Неся в пинцете спящую мышь, Максим прошел к узенькой двери в конце комнаты, и там за дверью зашумела вода, спускаемая в унитаз, после этого Максим вышел, пощелкивая зажимами уже пустого пинцета, победно взирая на смеющегося Александра.
— Смейся, паяц. Пришлось утопить в унитазе, иначе сожрут всю мастерскую. До последнего гвоздя.
— Это здорово, честное слово, — пьяные мыши и пинцет, — говорил Александр, смеясь от удовольствия. — В жизни не видел таких хитрых мышеловок. Великолепное изобретение, только самогона жалковато.
«Я смеюсь? — пронеслось в голове Александра. — А со мной случилось отвратительное…»
— Да ты что! — поразился Максим и швырнул пинцет на полочку. — Самогон — мелочь! А мыши — юмористы! Сам люблю похохотать, хлебом не корми! Смех — спасательный круг человечества. Охохонюшки мои!
И он хлопнул затвердевшими от мозолей руками по бедрам и зажурчал своим пульсирующим смешком, похожим на мелкие пулеметные очереди. Но смех его был настолько заразителен, что Александр расхохотался, уже не сдерживаясь, и это окончательно сблизило их доверительным расположением друг к другу. Александр окинул взглядом захламленную комнату, спросил то, что хотелось спросить раньше:
— Скажи, вот ты живешь здесь один, наверное, получаешь стипендию — а на жизнь хватает?
— До изжоги. В баню не хожу. Купаюсь в деньгах. Что за вопрос! Ха-ха и хи-хи. Я самостоятельный мужик. Во-первых, я леплю вот эти кувшины, вазочки и кружки.

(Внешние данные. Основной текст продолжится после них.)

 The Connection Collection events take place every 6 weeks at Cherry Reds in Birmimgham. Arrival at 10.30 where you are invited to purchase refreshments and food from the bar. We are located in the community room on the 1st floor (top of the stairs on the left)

Потом: подбираю на свалках старую мебелишку и реставрирую. Иногда везет. И таким образом подторговываю на Тишинке. На рынке публика бестолковая, бедная и шалая — пейзажи не покупают. А жаль. Но керамикой и реставрацией жить можно. Не Крез и не Ротшильд, а с голоду дуба не дам. Что за вопрос? — воскликнул Максим и догадливо протянул: — Т-с-с, засек! Не понравился мой аристократический антураж? — Он пальцем заключил свою комнатку в кольцо и широко ухмыльнулся. — А ты знаешь — : мне пока этого хватает. Полная независимость. Свободен. Как собака. Как облака в небе. Как вольный осел без ослихи!
— Запрещается запрещать?
— Совершенно верно. Запрещается думать и делать не то, что ты хочешь. А что тебе не нравится у меня, Александр? Неудобно? Сыровато?
Александр поморщился, переждав уколовшую боль в предплечье.

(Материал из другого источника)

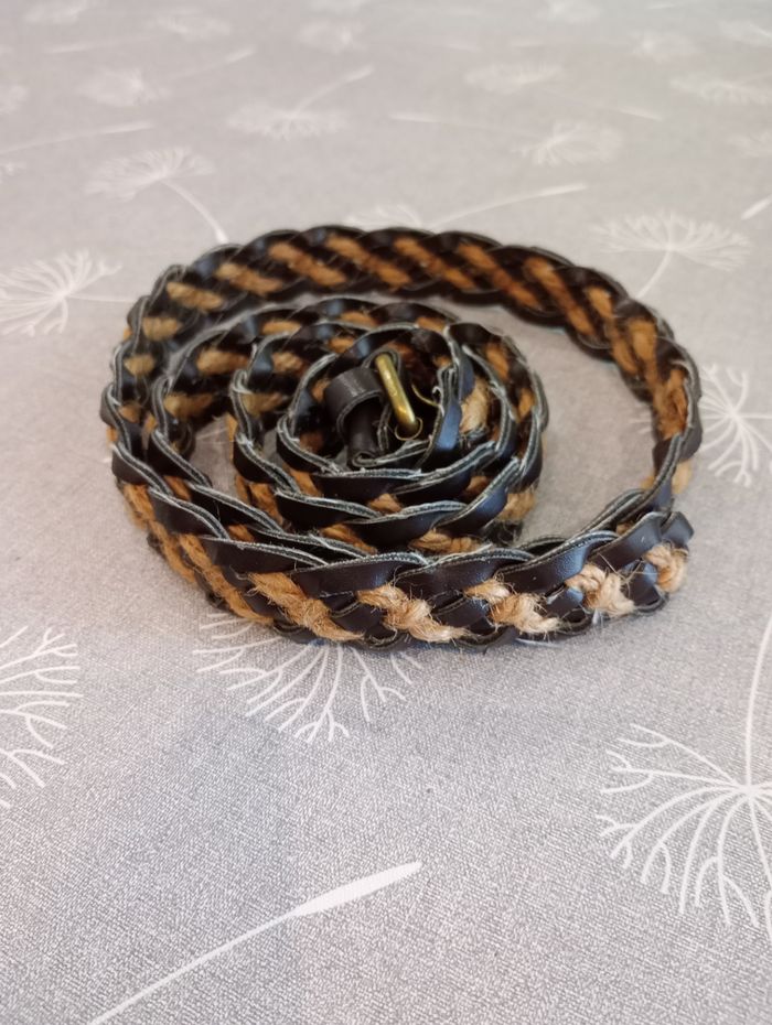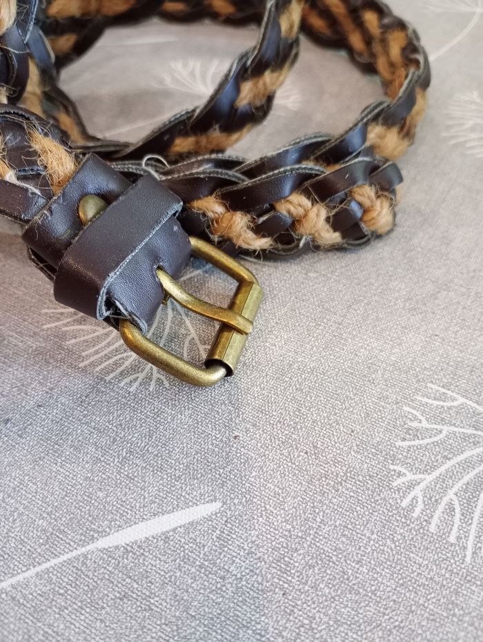 Ceinture avec tressage de corde et de simili cuir marron. Longueur : 122 cm. Bon état

— Я привык ко всему, Максим. Плащ-палатка, сырая солома в сарае, котелок под головой вместо подушки — для меня уют. Наоборот — у тебя мне нравится. Но вот что. Пока я побуду у тебя. Поэтому возьми. Сколько истратишь.
Он вынул туго распиравшую карман пачку денег, оставленную для него Кирюшкиным, положил ее на стол. Максим, подойдя к столу косолапой развалкой, пощупал двумя пальцами пачку купюр, оттопырил губу.
— Ого! Такие самоцветы? Ты что, сберкассу ограбил?
— Дали друзья на излечение.
Максим в задумчивости взлохматил свои пшеничные волосы.